The EU apparently needs fixing, but it won’t be the UK who does it. Cameron tried in a lukewarm way to fix Europe a little around the edges, and failed. A final point from Mr. Fraser:

The question is not whether to work with Europe but how to work with Europe. Alliances work best when they are coalitions of the willing. The EU has become a coalition of the unwilling, the place where the finest multilateral ambitions go to die.
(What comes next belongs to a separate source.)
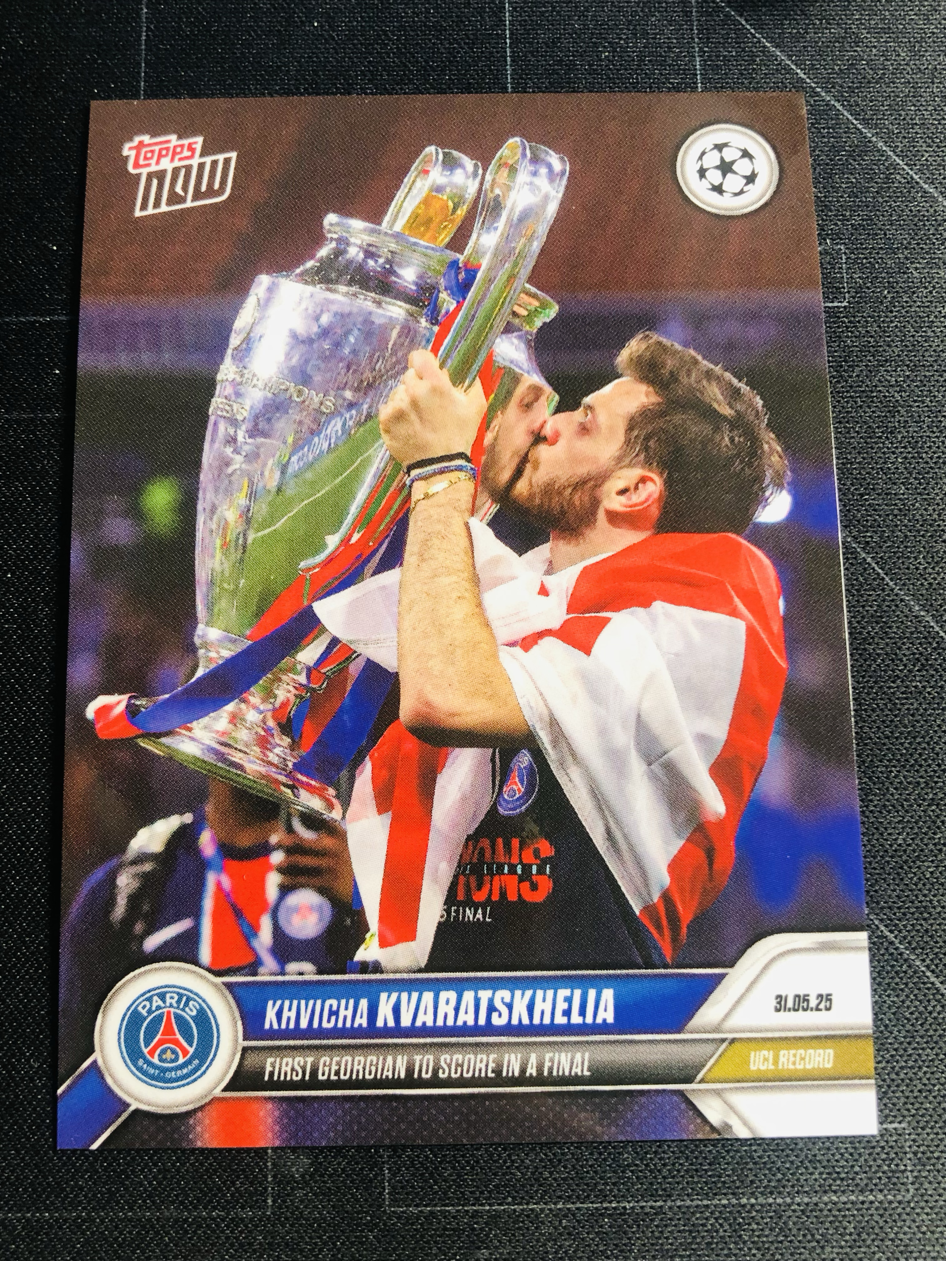 2025 Topps Now Khvicha Kvaratskhelia 【MJ23代拍】最新系列 克瓦拉茨赫利亚 巴黎圣日耳曼 大巴黎欧冠冠军超帅捧杯庆祝选图特卡 亲吻奖杯时刻记录 背面防伪折射

Perhaps. It IS clear that not all regulations are created equal, some are inefficient, and some are just stupid. But, a business environment with fewer government regulations is the wet dream of most business owners, while it often harms consumers. It is also true that the Brexit supporters were able to conflate in the minds of voters all the discontent with UK austerity, benefit cuts, poor quality job creation and wage stagnation along with the EU’s hegemony, into a big ball of emotion.

And it worked.

The inside-the-bubble UK neoliberal view is that the EU was the problem, and the British voters solved that. America doesn’t have an analogue. We could leave NAFTA, but that has none of the earth-shaking possibilities. We could fail to pass the TPP. That would be a yuuge anti-neoliberal event.

There is an economic malaise in blue collar UK. Once an industrial powerhouse, it has become service driven, with finance and lawyering representing a significant portion of its economy. Sounds just like America in 2016.

Let’s link all of this up with our domestic political economy:

  • Income inequality has grown in the US since at least the 1980s.
  • Real median income is the same as in 1996.
  • Our Labor Participation Rate (the share of American civilians over the age of 16 who are working or looking for a job) is about where it was in the 1970s.
  • Despite a rosy headline unemployment rate of 4.7% (which counts only people without work seeking full-time employment), the U-6 rate (includes discouraged workers and all marginally attached workers, plus those workers who are part-time purely for economic reasons) is much higher at 9.7%. In human terms, that is 15.3 million souls who need a job.

Donald Trump and Hillary Clinton both see these things. The candidate who convinces voters that s/he will really address them will win.

Trump is correct when he says if there are millions out of work, how can we permit immigration? He wrongly focuses on Mexicans, but he’s right: We need fewer people pursuing the fewer jobs we will have until at least until 2025, when finally, all the Baby Boomers retire.

America is in a class war, but it’s the working class versus the middle class rather than workers versus billionaires, as Bernie talks about. Joe Six-pack doesn’t hate the billionaire class. Therefore, Trump is acceptable.

The Pandering Pant Load sees this, and has moved to exploit their anger.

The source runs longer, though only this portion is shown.